21/04/20
Quirófano, por la mañana.
Actividad, por fin, profesional. Se echa de menos practicar eso para lo que uno lleva toda la vida practicando. Al menos hoy, al menos un día a la semana, aprendiendo de las heridas, otra vez.
El quirófano hoy va lento, como si todos estuviéramos un poco oxidados (todos estamos un poco oxidados). Los protocolos se han complicado y los pacientes tienen que ser testados, valorados y revalorados, no sea qué, no vaya a ser, porque esto es que está por todas partes. Las medidas de protección para el personal también han aumentado.

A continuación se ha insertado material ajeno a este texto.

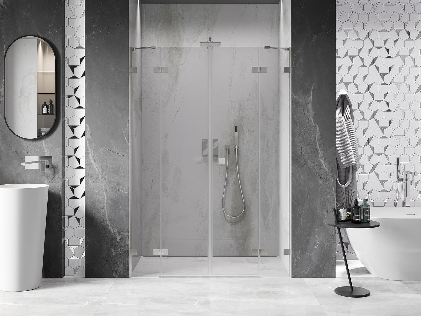 A pega prática e confortável foi feita de metal durável e resistente. A forma moderna combinada com o acabamento ajustado à cor dos perfis confere a todo o conjunto uma aparência moderna e estilosa, realçando a estética de qualquer casa de banho.

Todo esto lo denominamos “minimizar el error beta (o tipo II)”. Y cuesta mucho tiempo. Y dinero, estoy seguro.
Una vez más, todo sale bien, es decir, hacemos un daño lo más controlado posible para conseguir un bien lo menos improbable posible. Hablo con los familiares, reviso la consulta del día siguiente, hablo por teléfono con varios pacientes, pido sus pruebas, reajusto su agenda de controles habituales, tan desorganizada —desastrada (que diría mi madre) como una habitación donde hubiera entrado a vivir un niño revoltoso— por El Virus. Hablo con la enfermera de la consulta. Decido irme a organizar la agenda de quirófano. Me cruzo con M, la chica que limpia la planta de hospitalización, día tras día, hoy, más que nunca, más veces que nunca, y que me obliga a pisar por un lado del pasillo que acaba de fregar, otra vez. Nos saludamos con los ojos (porque el resto es todo mascarilla) irritados de lejía. En un despacho vacío donde solía haber un montón de compañeros tomando café y criticando a los compañeros ausentes ordeno papeles que contienen, en realidad, pacientes pendientes de intervenir cuando sea que se puedan intervenir de forma segura. Papeles que contienen multitudes, como Dylan, como Whitman, pero peor, mucho peor. Termino el papeleo y me cambio en la taquilla del vestuario de quirófano. Bajo por la escalera a por la bici.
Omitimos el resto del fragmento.